#### Exercise description
Entries follow. Give back exactly the lines starting at the one containing "RELOJ CASIO VINTAGE" and ending at the one containing "箱體尺寸600*337.5m", and no other lines.
====== Working data
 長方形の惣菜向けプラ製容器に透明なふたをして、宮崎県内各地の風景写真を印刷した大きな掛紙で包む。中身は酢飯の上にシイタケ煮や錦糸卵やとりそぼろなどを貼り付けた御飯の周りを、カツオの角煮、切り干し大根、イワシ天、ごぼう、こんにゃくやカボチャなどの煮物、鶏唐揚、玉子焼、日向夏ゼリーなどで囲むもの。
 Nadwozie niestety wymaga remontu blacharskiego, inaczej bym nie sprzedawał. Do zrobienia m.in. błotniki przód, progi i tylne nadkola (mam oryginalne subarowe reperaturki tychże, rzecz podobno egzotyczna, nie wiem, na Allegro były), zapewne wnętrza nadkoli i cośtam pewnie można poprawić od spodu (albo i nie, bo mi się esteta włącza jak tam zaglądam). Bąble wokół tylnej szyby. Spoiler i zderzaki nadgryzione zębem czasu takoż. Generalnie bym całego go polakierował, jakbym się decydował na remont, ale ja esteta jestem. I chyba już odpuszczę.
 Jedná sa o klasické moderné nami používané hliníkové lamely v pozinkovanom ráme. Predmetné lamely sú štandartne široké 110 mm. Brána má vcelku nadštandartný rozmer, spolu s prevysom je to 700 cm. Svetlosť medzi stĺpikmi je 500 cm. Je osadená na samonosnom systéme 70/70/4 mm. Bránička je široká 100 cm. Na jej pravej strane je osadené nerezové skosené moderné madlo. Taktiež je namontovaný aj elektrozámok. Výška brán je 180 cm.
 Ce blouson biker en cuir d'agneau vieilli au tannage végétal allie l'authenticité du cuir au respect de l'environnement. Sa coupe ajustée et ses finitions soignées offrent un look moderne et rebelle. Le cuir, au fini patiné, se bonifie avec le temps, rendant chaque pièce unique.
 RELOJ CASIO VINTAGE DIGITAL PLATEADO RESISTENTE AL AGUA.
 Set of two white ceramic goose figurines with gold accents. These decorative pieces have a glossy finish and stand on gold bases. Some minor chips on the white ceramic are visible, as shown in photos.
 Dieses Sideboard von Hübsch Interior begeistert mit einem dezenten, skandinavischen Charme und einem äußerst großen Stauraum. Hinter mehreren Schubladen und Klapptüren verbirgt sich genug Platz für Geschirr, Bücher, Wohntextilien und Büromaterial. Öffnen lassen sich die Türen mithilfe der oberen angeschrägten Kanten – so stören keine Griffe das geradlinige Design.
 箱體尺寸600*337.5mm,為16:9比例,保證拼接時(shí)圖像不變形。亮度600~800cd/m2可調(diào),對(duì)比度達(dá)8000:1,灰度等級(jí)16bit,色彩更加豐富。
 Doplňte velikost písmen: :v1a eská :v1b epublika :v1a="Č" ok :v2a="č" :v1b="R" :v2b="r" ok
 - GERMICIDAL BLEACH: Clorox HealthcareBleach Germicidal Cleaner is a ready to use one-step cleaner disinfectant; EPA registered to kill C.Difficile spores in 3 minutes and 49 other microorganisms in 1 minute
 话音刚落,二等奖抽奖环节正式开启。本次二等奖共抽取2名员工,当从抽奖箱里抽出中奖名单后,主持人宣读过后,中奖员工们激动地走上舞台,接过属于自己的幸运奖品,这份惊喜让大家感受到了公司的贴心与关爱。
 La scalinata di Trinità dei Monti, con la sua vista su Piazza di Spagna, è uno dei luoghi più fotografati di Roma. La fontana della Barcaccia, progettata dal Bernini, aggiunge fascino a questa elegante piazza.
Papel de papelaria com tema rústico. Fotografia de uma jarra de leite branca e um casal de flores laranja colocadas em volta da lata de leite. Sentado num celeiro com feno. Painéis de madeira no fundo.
============
#### Your solution
 RELOJ CASIO VINTAGE DIGITAL PLATEADO RESISTENTE AL AGUA.
 Set of two white ceramic goose figurines with gold accents. These decorative pieces have a glossy finish and stand on gold bases. Some minor chips on the white ceramic are visible, as shown in photos.
 Dieses Sideboard von Hübsch Interior begeistert mit einem dezenten, skandinavischen Charme und einem äußerst großen Stauraum. Hinter mehreren Schubladen und Klapptüren verbirgt sich genug Platz für Geschirr, Bücher, Wohntextilien und Büromaterial. Öffnen lassen sich die Türen mithilfe der oberen angeschrägten Kanten – so stören keine Griffe das geradlinige Design.
 箱體尺寸600*337.5mm,為16:9比例,保證拼接時(shí)圖像不變形。亮度600~800cd/m2可調(diào),對(duì)比度達(dá)8000:1,灰度等級(jí)16bit,色彩更加豐富。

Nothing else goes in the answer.